Pyridine, 3-iodo-5-methoxy-

    • Product Name: Pyridine, 3-iodo-5-methoxy-
    • Chemical Name (IUPAC): 3-iodo-5-methoxypyridine
    • CAS No.: 343268-41-9
    • Chemical Formula: C6H6INO
    • Form/Physical State: Liquid
    • Factroy Site: No.968 Jiangshan Rd., Nantong ETDZ, Jiangsu, China
    • Price Inquiry: sales7@boxa-chem.com
    • Manufacturer: Nantong Acetic Acid Chemical Co., Ltd.
    • CONTACT NOW
    Specifications

    HS Code

    945657

    Compound Name Pyridine, 3-iodo-5-methoxy-
    Chemical Formula C6H6INO
    Molecular Weight 235.03 g/mol
    Cas Number 3430-26-0
    Iupac Name 3-iodo-5-methoxypyridine
    Appearance Light yellow to brown crystalline powder
    Melting Point 51-54 °C
    Solubility Soluble in organic solvents such as DMSO, DMF, chloroform
    Smiles COC1=CN=CC(=C1)I
    Inchi InChI=1S/C6H6INO/c1-9-6-3-5(7)4-8-2-6/h2-4H,1H3

    As an accredited Pyridine, 3-iodo-5-methoxy- factory, we enforce strict quality protocols—every batch undergoes rigorous testing to ensure consistent efficacy and safety standards.

    Packing & Storage
    Packing Amber glass bottle with a secure screw cap, labeled "Pyridine, 3-iodo-5-methoxy-, 5 grams," safety and handling instructions displayed.
    Container Loading (20′ FCL) Container Loading (20′ FCL): Securely packed 140 drums (25kg each), totaling 3,500kg of Pyridine, 3-iodo-5-methoxy-, for safe transport.
    Shipping Pyridine, 3-iodo-5-methoxy- should be shipped in tightly sealed containers, clearly labeled, and protected from light, moisture, and incompatible substances. Transport under ambient temperature unless otherwise specified, following all relevant local, national, and international regulations for hazardous chemicals. Handle and ship with appropriate personal protective equipment and documentation.
    Storage Pyridine, 3-iodo-5-methoxy- should be stored in a tightly sealed container, protected from light and moisture. Keep it in a cool, dry, well-ventilated area away from incompatible substances such as strong oxidizers and acids. Store at room temperature. Use secondary containment if possible and clearly label the container to prevent accidental misuse. Always follow local regulations for chemical storage.
    Shelf Life The shelf life of Pyridine, 3-iodo-5-methoxy- is typically 2-3 years when stored in a cool, dry, tightly sealed container.
    Application of Pyridine, 3-iodo-5-methoxy-

    Purity 98%: Pyridine, 3-iodo-5-methoxy- with purity 98% is used in pharmaceutical intermediate synthesis, where high product purity ensures minimal side-product formation.
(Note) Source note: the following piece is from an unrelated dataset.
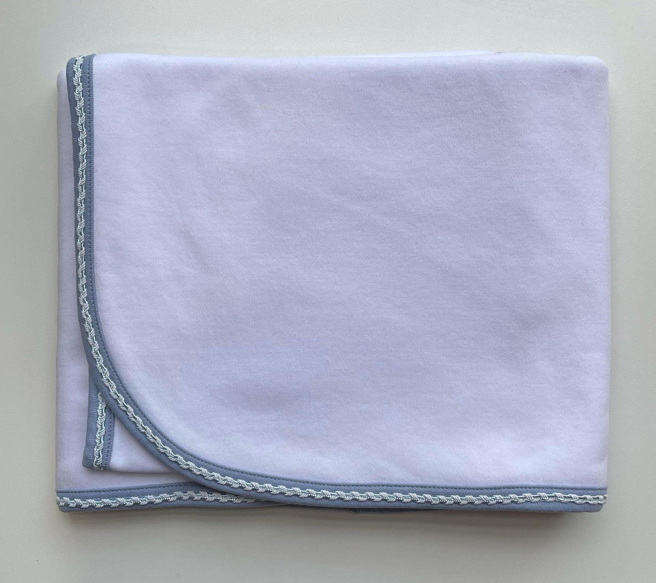 This beautiful receiving blanket is made of 100% Pima cotton with double layer to provide extra warmth. It is very soft and cuddly and keeps your baby warm all day. The blanket is available in white with gray edge.

    Melting point 56-59°C: Pyridine, 3-iodo-5-methoxy- with melting point 56-59°C is used in fine chemical manufacturing, where controlled solidification aids in process efficiency.

    Molecular weight 252.02 g/mol: Pyridine, 3-iodo-5-methoxy- with molecular weight 252.02 g/mol is used in heterocyclic compound development, where defined molecular mass supports precise stoichiometric calculations.
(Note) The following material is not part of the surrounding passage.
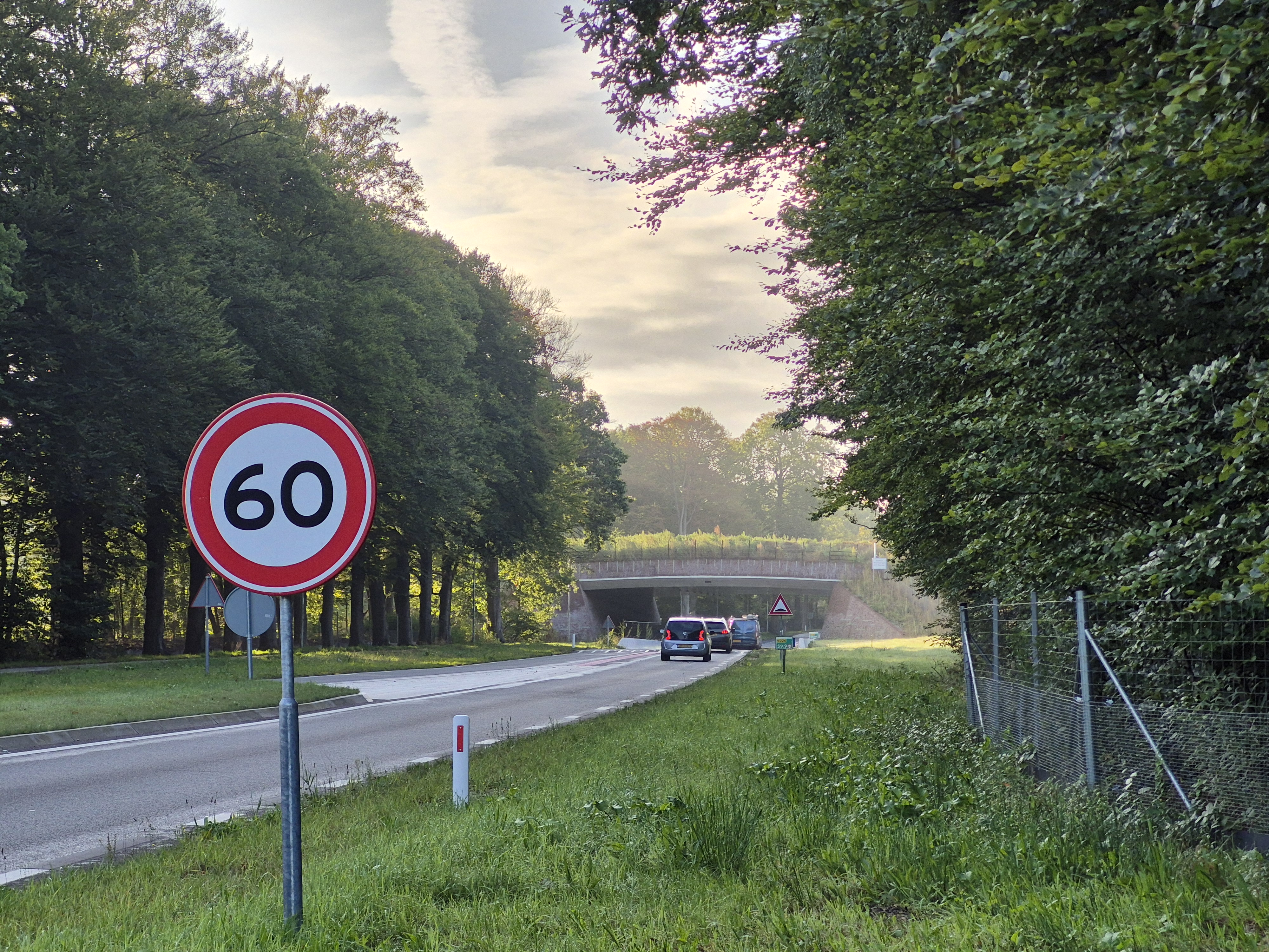 Veiligere weg en schonere luchtMet de aanleg van het ecoduct is de snelheid op de weg verlaagd naar 60 kilometer per uur om het geluid en de uitstoot van schadelijke stoffen te verminderen en de veiligheid van mensen en dieren te vergroten.

    Stability temperature up to 75°C: Pyridine, 3-iodo-5-methoxy- stable up to 75°C is used in temperature-sensitive reactions, where stability minimizes decomposition during synthesis.

    Particle size <100 μm: Pyridine, 3-iodo-5-methoxy- with particle size less than 100 μm is used in catalyst preparation, where fine dispersion enhances catalytic activity.

    Water content <0.5%: Pyridine, 3-iodo-5-methoxy- with water content below 0.5% is used in moisture-sensitive coupling reactions, where low residual moisture prevents hydrolysis.

    Free Quote

    Competitive Pyridine, 3-iodo-5-methoxy- prices that fit your budget—flexible terms and customized quotes for every order.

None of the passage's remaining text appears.